The following is statistic from tokenizing Japanese sentences from [Tatoeba](https://tatoeba.org/eng/)
(193,898 sentences entries, 3,561,854 total characters) on Macbook Pro 2020 (2.4 GHz 8-Core Intel Core i9).
| | Token Count | Time (ns per document) | Time (ns per token) |
|---|---:|---:|---:|
|Kuromoji (IPADIC) | 2,264,560 | 10,095 | 864 |
|**Kotori (IPADIC)** | 2,264,705 | **8,190**| **701** |
|Sudachi (sudachi-dictionary-20200330-small) | 2,308,873 | 27,352 | 2296 |
|Kotori (sudachi-dictionary-20200330-small) | 2,157,820 | 13,079 | 1175 |
#### (Speculative) What makes Kotori fast
* **Minimal String.substring() usage**. [After JDK 7](https://www.programcreek.com/2013/09/the-substring-method-in-jdk-6-and-jdk-7/),
the function makes string copy and has O(n) overhead. Some tokenizers that design before the change (e.g. Kuromoji) still have a lot of substrings.
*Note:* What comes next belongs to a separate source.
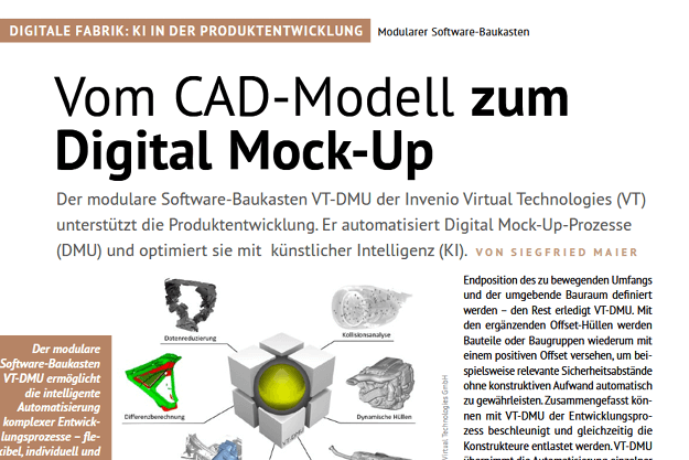 Seit mehr als 25 Jahren unterstützen wir unsere Kunden dabei, ihre Produkte digital zu entwickeln, manuelle Prozesse zu vereinfachen oder vollständig zu automatisieren. Dadurch schaffen wir Freiraum für sie, um ihre eigenen Innovationen voranzutreiben. Für uns ist digitale Produktentwicklung mehr als nur ein Begriff. Wir leben und verstehen die hochkomplexen Prozesse und IT-Landschaft, die damit zusammenhängen, und verbinden Digital Mock-Up (DMU) mit Digitalisierung, Big Data, Industrie 4.0 und dem digitalen Zwilling.

* **A customized Trie data structure**.
`TransitionArrayTrie` can be quickly built just-in-time when creating a tokenizer,
but it has pretty good performance on Japanese in UTF-16.
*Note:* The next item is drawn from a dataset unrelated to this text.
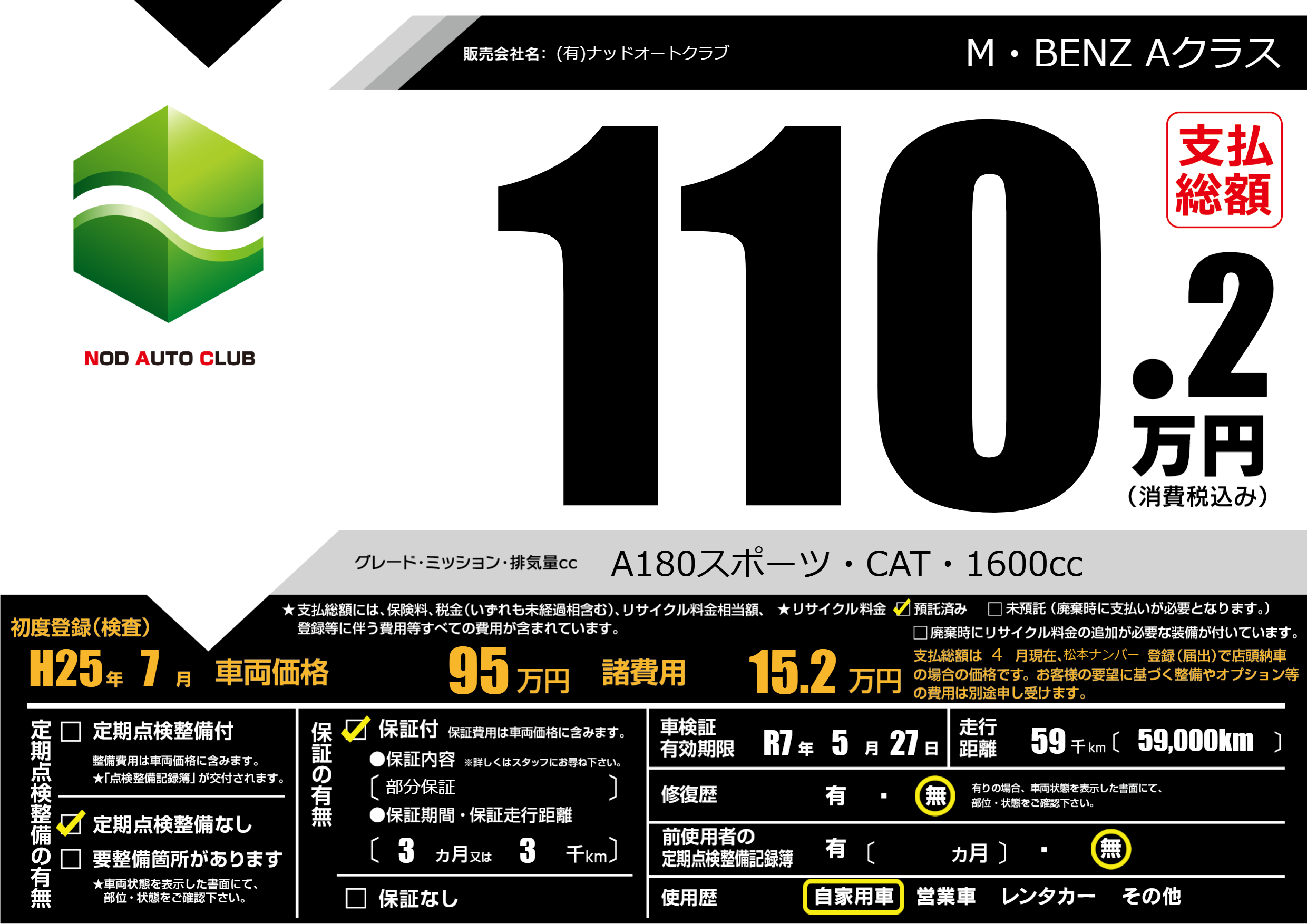 | 車名 | M・BENZ Aクラス | グレード ミッション 排気量 |

#### (Speculative) What makes Kotori slow
* **Kotori doesn't rely on any pre-built data structure** (e.g. `DoubleArrayTrie`).
It reads a dictionary as list-of-terms format and builds Trie just-in-time.
This is a design decision to make Kotori open to multiple dictionary formats in exchange for some bootup time.
* Kotlin (written by the inexperience library author) is slower than Java,
mostly, because Kotlin's `Array` has some overhead comparing to Java's native `T[]`.
#### Benchmark
Benchmark can be run as a gradle task.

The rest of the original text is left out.